Tuesday, April 5, 2011

Starting with Midnight's Children

Some novels begin as laser beams--one narrative thread that hits you right between the eyes and carries you forward, compelling you to turn page after page.  Other novels begin like shotgun blast, scattering you in a thousand different directions at once, creating a spiderweb of thematic, symbolic, and plot threads like cracks in a shot car window.

Midnight's Children is a shotgun.

Rushdie begins by throwing all sorts of flashes at you, forward and back, while introducing multiple characters and themes.  Most importantly, it drags us into a historical context that will actually be the most important character in the novel, the lead-up to and aftermath of India's independence in 1947.  Unfortunately, I don't know much about that history, so I find this opening a bit confusing, but my guess is that part of the novel's purpose is to introduce Western readers (namely Americans) to that history and England's involvement in it.  Of course, there are minor players, like Gandhi and the Islamic minority in India, and, perhaps most crucially, the dispute over Kashmir.  The latter conflict will, no doubt, serve as a macrocosm for the novel's dramatic microcosm.

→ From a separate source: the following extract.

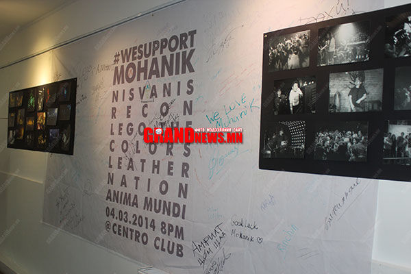 Моханикийн цомгийн нээлт “Glamour Art Gallery”-д өнөөдөр нээлтээ хийлээ. Галлерейн үүдээр оруут Моханик хамтлагийн анхны цомог угтаж улаан утаснаас залгаатай хамтлагийнхантай холбоотой дурсамж өгүүлэх зурагнууд өлгөөстэй.

My last comment will be about Rushdie and what I already know about him.  As you can tell from my comment on Satanic Verses, which I read for my survey of British Literature, I have problems with Rushdie's generic style (not his use of language, which I find lush and at times poetic), which in that novel is described as "magical realism."  To my surprise, this novel is much less magical realism and more straight-forward epic family romance or bildungsroman.  (It could also be called a Künstlerroman, because it's about the artist himself, but I'll dispense with the literary terms for now).  Lots of novels start with previous generations in order to set the stage for the protagonist's development and importance.  Needless to say, the fact that the narrator/protagonist is literally "cracking up" is bothering me a bit, because of the magic shit implied behind it.  I'll be interested to see where Rushdie goes with it.

But for now, I'm enjoying the character development of the grandfather and have already looked up several of the figures and events in Indian history that Rushdie refers to.  Clearly, this guy is a formidable voice in world literature, and this novel in some sense started the entire postcolonial anglophone fiction craze that dominates my profession (and the Nobel prize) today.